# Halfords 3 for 2 offer



## KIFOO (Nov 19, 2012)

As the heading states good offers in halfords


----------



## Gatsoburner (Mar 20, 2016)

Funnily enough I called in for some bits for washing, went to the till and the guy mentioned this, whatever you buy the cheapest is free, pushed the boat out and got a sponge, should've been £3 and got it for nothing...living the dream !!


----------



## hepton (Jun 15, 2014)

Gatsoburner said:


> Funnily enough I called in for some bits for washing, went to the till and the guy mentioned this, whatever you buy the cheapest is free, pushed the boat out and got a sponge, should've been £3 and got it for nothing...living the dream !!

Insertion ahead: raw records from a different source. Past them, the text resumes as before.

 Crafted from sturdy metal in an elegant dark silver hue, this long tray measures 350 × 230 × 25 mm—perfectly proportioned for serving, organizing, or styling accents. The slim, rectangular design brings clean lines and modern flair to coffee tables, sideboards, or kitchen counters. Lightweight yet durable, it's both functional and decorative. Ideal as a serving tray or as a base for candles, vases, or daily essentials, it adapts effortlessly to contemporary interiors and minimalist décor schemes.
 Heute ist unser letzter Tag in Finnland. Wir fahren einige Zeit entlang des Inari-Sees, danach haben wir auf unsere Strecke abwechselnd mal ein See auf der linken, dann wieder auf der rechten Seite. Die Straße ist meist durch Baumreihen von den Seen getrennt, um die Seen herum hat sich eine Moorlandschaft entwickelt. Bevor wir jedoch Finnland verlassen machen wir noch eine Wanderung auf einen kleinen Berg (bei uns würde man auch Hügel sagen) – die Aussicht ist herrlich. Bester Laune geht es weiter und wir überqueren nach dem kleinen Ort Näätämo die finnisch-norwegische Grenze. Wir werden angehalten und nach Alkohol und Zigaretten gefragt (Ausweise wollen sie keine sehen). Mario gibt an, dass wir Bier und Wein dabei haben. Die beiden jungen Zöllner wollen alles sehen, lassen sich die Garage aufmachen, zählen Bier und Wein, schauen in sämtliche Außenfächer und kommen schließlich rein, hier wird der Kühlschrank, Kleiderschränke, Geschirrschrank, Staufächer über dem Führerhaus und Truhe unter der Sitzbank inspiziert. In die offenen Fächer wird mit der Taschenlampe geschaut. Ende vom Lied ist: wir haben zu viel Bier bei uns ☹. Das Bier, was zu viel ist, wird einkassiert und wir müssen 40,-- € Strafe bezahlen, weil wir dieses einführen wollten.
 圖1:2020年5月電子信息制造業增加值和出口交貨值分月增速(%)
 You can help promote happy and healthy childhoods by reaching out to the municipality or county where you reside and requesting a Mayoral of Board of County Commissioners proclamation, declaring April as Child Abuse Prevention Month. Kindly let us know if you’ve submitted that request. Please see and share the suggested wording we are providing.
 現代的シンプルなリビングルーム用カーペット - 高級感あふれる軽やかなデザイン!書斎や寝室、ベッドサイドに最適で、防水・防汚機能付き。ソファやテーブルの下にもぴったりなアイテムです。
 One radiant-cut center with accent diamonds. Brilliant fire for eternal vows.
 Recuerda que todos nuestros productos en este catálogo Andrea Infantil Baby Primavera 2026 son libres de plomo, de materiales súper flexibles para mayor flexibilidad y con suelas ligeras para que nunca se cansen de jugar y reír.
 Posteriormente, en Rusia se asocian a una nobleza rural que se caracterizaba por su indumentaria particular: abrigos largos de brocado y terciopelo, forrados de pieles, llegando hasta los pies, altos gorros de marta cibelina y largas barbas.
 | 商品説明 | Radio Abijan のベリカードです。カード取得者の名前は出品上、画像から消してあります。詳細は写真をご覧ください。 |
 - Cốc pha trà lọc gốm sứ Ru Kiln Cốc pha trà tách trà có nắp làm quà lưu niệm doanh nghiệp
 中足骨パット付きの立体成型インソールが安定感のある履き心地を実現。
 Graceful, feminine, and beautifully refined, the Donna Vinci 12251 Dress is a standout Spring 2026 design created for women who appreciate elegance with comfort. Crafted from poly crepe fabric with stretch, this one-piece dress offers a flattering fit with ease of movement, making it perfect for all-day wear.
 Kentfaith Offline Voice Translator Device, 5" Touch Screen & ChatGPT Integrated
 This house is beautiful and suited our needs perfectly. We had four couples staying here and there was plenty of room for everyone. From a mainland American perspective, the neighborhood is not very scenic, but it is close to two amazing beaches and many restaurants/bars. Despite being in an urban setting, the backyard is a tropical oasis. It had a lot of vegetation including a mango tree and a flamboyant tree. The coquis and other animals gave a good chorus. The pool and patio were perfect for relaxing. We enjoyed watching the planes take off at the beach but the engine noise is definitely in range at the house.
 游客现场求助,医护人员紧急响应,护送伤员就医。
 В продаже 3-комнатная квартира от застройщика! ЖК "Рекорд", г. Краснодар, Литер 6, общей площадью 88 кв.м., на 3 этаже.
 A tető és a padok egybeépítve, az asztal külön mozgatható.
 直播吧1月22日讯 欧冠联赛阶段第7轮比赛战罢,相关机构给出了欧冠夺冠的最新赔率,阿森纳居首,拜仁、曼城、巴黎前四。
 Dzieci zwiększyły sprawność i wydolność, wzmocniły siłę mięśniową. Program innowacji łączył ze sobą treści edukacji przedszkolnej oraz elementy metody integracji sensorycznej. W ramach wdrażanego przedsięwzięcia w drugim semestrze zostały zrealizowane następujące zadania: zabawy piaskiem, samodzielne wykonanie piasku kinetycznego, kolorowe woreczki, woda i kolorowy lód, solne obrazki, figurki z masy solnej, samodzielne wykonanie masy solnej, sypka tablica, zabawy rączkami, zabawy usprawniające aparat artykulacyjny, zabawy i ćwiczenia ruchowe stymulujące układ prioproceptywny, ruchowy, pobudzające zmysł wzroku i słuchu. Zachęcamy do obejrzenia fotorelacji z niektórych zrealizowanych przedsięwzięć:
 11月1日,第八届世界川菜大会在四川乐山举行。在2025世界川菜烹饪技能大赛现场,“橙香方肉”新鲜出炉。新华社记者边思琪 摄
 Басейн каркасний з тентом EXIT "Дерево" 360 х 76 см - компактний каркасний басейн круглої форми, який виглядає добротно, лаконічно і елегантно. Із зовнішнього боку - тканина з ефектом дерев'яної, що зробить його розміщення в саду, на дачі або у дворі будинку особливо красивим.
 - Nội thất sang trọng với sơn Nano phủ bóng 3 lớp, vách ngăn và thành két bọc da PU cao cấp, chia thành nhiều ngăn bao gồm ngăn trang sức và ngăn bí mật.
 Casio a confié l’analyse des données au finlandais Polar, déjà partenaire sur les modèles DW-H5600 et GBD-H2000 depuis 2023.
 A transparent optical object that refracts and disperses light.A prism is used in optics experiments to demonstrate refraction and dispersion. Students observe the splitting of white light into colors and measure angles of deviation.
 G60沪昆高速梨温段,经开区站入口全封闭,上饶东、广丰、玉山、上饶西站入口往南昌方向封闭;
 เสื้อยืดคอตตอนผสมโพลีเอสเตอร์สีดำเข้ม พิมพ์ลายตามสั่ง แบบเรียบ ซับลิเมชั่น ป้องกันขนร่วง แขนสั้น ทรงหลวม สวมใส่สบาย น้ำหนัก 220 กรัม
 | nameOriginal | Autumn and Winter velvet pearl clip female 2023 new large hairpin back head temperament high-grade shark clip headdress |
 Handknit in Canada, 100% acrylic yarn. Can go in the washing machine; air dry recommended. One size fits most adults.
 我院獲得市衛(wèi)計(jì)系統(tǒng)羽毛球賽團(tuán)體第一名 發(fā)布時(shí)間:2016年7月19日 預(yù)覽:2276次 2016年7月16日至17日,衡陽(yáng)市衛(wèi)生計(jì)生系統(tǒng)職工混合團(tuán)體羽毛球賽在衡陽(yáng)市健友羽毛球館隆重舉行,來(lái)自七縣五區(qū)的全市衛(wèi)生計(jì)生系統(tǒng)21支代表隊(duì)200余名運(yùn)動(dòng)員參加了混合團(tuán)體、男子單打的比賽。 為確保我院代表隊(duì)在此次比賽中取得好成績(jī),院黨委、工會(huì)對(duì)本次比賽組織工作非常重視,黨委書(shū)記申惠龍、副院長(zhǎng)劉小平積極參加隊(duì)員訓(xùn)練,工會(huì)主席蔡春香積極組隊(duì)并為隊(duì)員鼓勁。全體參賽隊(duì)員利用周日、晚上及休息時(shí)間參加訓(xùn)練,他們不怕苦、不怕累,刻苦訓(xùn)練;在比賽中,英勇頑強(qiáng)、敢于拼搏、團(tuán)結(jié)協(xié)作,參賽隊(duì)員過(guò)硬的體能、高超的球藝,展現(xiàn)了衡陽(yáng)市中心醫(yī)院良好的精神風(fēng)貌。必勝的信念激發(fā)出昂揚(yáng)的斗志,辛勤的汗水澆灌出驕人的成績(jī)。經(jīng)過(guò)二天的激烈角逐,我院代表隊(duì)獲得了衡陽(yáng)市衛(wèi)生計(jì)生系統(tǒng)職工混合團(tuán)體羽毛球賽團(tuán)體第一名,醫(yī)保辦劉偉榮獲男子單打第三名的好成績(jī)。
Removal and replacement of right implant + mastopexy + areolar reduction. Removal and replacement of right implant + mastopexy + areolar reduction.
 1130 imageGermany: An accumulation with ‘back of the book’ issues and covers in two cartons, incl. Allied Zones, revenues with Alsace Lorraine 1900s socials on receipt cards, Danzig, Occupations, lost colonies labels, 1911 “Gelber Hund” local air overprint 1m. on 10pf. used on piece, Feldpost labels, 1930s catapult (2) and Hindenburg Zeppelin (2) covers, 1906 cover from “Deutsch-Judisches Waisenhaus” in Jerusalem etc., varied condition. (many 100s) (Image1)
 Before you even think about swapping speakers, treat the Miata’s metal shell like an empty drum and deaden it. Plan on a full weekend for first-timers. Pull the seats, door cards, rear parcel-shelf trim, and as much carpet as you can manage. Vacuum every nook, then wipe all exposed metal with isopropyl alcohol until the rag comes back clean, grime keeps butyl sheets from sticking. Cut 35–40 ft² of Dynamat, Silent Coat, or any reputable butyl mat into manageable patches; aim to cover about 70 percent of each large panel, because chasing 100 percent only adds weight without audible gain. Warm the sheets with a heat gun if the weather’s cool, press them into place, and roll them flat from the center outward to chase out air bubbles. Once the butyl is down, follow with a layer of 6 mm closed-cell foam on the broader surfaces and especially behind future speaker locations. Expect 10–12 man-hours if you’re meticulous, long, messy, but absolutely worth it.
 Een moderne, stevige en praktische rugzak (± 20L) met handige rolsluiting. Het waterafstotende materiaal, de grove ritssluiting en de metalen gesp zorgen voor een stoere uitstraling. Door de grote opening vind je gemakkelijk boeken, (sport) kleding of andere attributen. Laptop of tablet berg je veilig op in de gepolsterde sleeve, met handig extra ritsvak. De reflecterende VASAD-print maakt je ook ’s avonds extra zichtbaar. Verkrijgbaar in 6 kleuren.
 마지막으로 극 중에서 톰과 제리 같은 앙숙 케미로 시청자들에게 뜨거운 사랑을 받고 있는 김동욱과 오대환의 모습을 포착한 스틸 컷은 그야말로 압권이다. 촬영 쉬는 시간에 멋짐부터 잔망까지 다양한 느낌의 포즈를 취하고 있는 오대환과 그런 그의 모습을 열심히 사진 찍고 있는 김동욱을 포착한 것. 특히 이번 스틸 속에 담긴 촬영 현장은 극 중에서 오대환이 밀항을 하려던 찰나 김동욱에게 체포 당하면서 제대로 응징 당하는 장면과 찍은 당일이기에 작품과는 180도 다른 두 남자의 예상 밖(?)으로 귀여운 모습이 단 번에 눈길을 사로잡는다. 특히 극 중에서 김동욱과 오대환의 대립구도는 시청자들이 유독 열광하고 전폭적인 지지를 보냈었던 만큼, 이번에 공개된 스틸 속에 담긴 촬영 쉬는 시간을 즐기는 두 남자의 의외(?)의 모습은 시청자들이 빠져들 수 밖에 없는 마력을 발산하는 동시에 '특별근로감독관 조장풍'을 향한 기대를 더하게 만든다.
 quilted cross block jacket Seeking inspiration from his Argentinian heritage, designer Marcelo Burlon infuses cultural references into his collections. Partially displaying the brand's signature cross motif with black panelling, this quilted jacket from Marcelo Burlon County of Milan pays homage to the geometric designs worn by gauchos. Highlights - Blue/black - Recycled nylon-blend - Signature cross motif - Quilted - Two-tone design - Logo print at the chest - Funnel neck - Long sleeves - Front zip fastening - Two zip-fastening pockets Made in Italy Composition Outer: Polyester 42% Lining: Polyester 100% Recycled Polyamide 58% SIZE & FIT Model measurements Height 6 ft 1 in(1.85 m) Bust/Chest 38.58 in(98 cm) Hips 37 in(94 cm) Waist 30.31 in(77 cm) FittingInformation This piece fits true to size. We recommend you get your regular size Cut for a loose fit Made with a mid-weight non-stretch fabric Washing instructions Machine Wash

£3 for a sponge must be a good un ???


----------



## moro anis (May 27, 2010)

Should've bought a couple of compressors and floged the 2 you didn't want.


----------



## Gatsoburner (Mar 20, 2016)

hepton said:


> Gatsoburner said:
> 
> 
> > Funnily enough I called in for some bits for washing, went to the till and the guy mentioned this, whatever you buy the cheapest is free, pushed the boat out and got a sponge, should've been £3 and got it for nothing...living the dream !!
> ...


Super absorbent sponge no less..!


----------



## KIFOO (Nov 19, 2012)

Gatsoburner said:


> hepton said:
> 
> 
> > Gatsoburner said:
> ...


Please tell me u r not using this on your paintwork :roll:


----------



## Sweetz (Sep 17, 2015)

KIFOO said:


> Gatsoburner said:
> 
> 
> > hepton said:
> ...


Please tell me u r not using this on your paintwork :roll:

Couldn't agree more, let's hope not.


----------